--- LISTED RECORDS ---

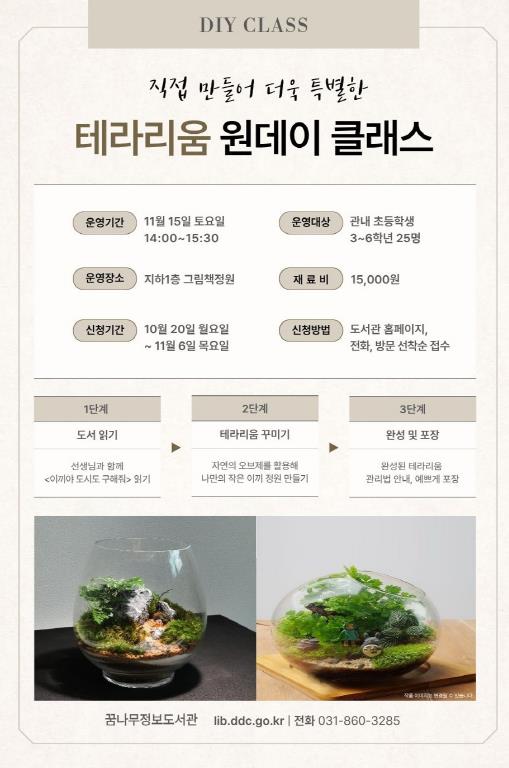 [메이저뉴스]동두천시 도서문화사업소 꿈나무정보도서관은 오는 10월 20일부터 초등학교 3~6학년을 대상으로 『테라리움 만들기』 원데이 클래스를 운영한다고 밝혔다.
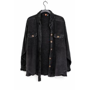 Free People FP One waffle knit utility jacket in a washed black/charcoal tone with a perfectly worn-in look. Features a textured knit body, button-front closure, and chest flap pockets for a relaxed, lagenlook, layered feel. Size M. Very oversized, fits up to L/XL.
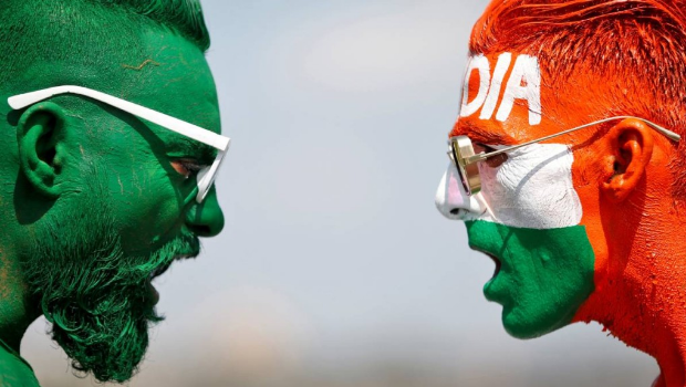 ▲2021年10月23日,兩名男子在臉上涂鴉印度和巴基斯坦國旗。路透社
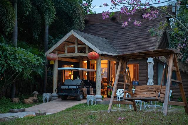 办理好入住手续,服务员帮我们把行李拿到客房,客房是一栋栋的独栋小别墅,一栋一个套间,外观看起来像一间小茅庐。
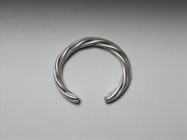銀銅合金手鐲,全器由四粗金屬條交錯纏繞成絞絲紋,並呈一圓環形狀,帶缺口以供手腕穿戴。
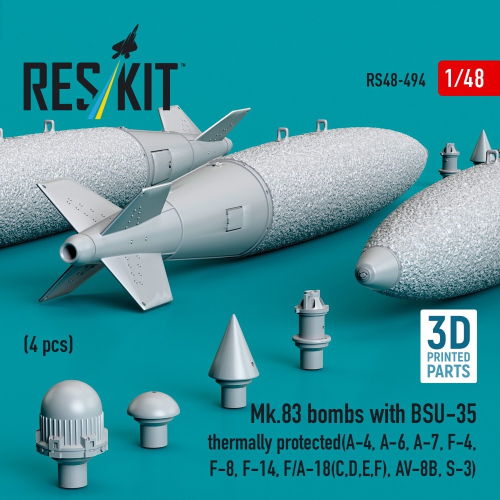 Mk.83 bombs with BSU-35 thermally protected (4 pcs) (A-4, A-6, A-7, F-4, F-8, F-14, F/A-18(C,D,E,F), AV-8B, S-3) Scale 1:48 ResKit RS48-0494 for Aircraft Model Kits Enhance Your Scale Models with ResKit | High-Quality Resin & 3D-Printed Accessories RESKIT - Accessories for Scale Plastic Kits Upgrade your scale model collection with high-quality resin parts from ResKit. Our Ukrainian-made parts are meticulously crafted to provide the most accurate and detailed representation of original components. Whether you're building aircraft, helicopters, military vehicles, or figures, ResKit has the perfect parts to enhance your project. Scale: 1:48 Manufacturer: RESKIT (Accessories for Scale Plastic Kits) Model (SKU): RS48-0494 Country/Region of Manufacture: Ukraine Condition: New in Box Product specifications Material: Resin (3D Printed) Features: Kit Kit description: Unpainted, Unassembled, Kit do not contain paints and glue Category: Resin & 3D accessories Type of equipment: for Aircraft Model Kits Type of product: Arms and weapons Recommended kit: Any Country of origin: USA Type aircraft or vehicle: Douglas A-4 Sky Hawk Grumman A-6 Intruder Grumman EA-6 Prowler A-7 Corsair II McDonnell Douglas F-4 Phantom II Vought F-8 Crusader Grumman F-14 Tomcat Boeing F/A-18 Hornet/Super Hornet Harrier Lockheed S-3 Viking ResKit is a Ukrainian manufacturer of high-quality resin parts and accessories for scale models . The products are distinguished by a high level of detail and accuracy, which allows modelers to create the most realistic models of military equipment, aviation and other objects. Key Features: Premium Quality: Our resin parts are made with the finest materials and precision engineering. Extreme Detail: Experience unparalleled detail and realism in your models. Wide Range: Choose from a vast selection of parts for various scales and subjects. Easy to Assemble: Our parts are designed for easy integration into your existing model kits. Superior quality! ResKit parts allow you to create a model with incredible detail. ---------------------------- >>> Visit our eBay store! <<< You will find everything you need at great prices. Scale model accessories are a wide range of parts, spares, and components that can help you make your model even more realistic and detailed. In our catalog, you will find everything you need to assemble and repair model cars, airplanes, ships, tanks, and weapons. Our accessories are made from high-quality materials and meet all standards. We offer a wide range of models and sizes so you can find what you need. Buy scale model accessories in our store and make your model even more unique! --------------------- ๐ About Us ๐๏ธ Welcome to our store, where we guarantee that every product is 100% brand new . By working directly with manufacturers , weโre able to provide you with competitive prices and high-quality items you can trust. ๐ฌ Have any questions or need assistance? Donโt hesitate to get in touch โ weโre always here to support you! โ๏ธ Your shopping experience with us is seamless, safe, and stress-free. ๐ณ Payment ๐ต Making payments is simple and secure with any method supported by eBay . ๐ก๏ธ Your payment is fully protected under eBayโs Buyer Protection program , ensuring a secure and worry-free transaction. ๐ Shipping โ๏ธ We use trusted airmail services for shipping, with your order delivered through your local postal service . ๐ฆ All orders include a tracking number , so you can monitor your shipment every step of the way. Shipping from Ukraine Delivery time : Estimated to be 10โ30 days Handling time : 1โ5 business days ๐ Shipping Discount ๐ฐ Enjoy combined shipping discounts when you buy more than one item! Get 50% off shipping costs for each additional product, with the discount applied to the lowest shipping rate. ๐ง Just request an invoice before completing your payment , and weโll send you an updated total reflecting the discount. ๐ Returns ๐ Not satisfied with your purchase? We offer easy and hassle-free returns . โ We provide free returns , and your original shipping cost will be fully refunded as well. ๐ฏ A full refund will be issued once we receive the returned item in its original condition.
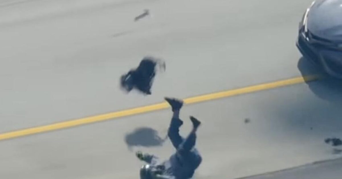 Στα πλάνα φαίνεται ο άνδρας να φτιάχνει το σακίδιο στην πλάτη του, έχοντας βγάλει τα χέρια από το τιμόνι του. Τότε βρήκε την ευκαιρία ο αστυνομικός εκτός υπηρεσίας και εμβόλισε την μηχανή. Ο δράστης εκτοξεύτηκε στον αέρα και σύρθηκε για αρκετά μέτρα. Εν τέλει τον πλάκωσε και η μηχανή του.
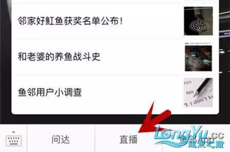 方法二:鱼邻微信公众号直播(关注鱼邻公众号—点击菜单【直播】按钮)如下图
* * *
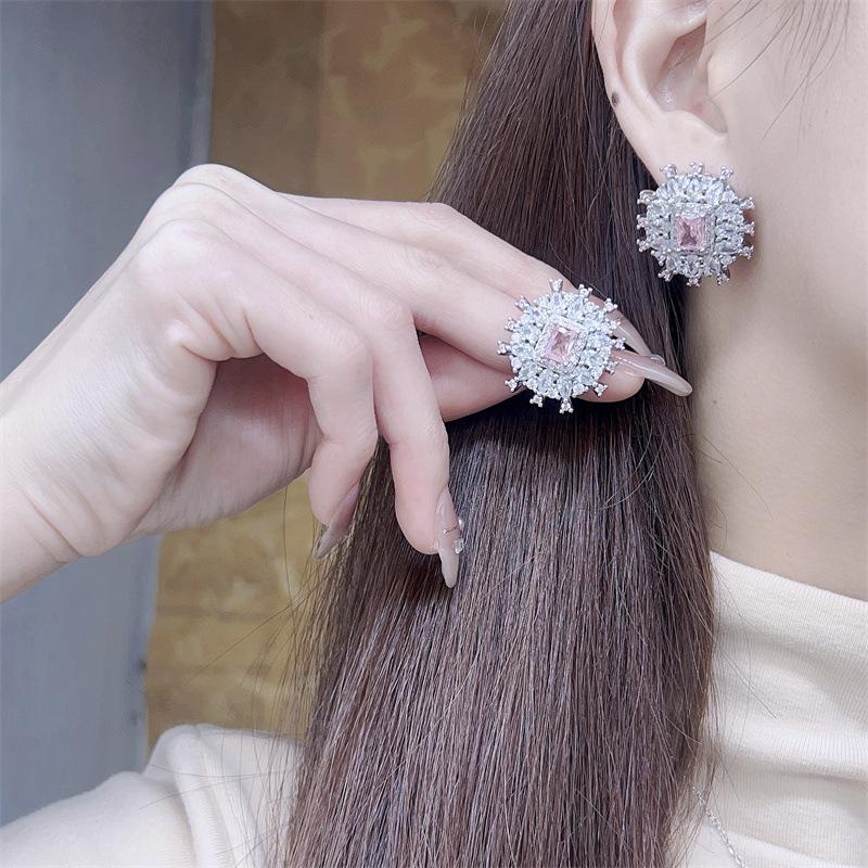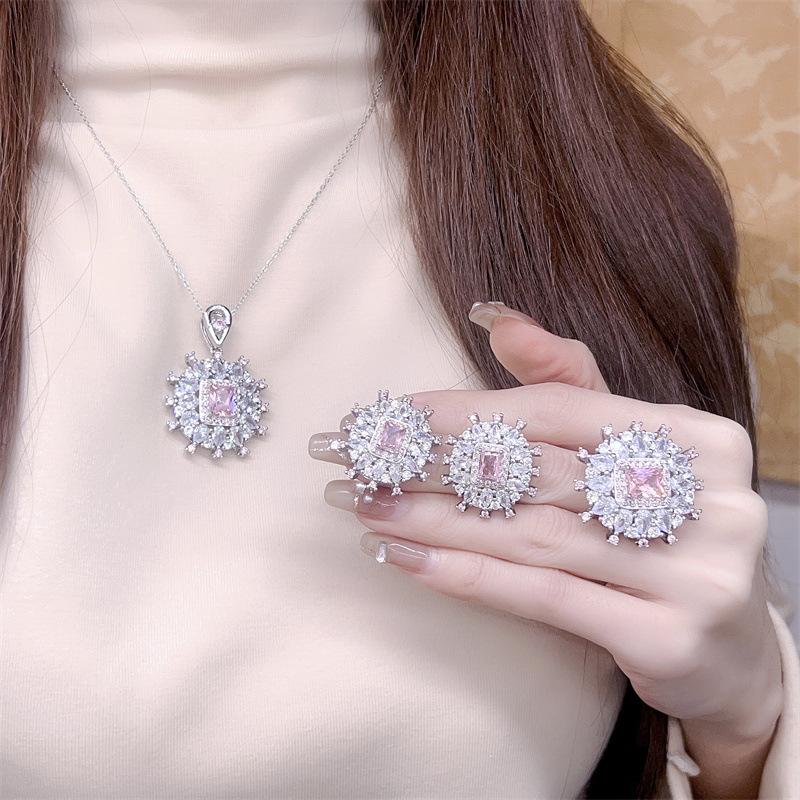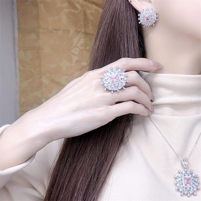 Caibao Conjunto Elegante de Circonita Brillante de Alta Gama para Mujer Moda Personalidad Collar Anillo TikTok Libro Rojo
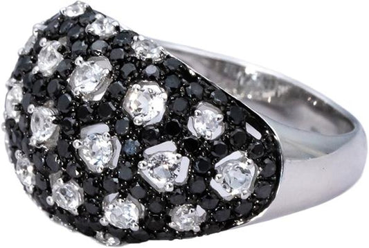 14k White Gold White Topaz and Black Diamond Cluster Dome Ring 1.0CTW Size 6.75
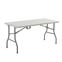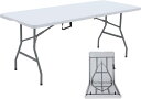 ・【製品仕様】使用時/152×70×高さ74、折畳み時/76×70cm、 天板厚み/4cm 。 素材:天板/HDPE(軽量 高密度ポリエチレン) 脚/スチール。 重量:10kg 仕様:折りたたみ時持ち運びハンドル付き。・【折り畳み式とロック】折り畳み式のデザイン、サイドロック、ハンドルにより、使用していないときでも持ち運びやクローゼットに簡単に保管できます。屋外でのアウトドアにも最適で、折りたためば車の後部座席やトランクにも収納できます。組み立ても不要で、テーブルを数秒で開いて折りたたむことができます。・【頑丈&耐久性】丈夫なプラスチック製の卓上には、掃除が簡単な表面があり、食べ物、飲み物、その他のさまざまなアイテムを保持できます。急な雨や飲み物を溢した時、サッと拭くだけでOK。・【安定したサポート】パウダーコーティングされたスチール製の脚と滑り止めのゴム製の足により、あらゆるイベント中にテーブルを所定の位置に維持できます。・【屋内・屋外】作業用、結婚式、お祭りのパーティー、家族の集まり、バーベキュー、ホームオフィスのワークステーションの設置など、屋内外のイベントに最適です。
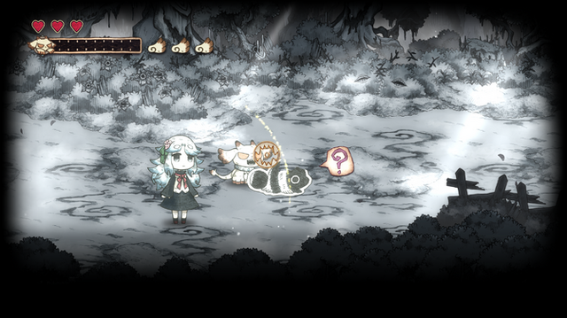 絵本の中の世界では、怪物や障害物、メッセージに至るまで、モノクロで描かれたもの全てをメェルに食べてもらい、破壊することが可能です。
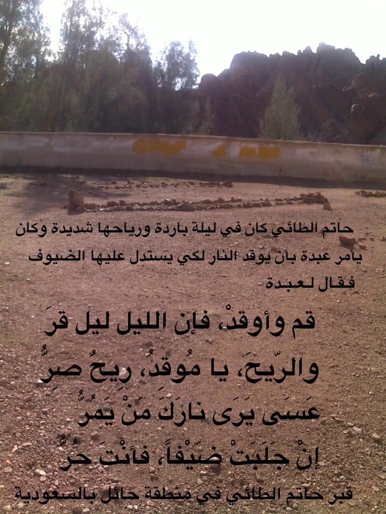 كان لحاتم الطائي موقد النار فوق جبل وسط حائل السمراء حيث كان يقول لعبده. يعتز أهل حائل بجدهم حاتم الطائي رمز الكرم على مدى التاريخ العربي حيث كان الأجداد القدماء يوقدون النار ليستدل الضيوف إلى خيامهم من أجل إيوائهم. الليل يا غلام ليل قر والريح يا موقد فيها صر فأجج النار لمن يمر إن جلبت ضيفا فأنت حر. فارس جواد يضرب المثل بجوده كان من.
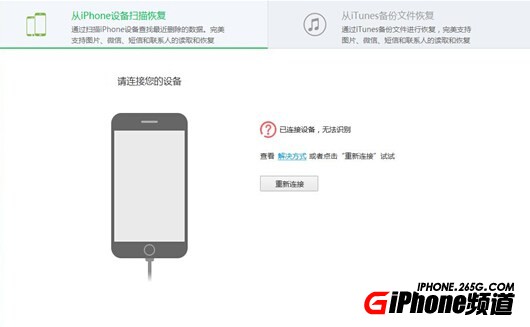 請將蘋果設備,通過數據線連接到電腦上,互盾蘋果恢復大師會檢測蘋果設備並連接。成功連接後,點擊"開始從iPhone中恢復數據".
---
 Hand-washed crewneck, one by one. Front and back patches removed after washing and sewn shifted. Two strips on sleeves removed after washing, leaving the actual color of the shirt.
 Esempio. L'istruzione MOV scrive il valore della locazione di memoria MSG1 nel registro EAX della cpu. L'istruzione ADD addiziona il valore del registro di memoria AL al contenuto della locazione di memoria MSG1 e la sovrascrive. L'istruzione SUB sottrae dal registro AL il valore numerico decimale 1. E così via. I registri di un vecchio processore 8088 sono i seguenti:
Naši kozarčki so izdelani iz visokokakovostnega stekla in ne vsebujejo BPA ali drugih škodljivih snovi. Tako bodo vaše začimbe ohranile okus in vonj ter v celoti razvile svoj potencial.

--- TASK BRIEF ---
Exactly the lines above, from the one containing "办理好入住手续,服务员帮我们" down to the one containing "銀銅合金手鐲,全器由四粗金屬", are to be repeated, including both ends. Pictures are not part of the copy.

--- OUTPUT FOR THIS TASK ---
 办理好入住手续,服务员帮我们把行李拿到客房,客房是一栋栋的独栋小别墅,一栋一个套间,外观看起来像一间小茅庐。
銀銅合金手鐲,全器由四粗金屬條交錯纏繞成絞絲紋,並呈一圓環形狀,帶缺口以供手腕穿戴。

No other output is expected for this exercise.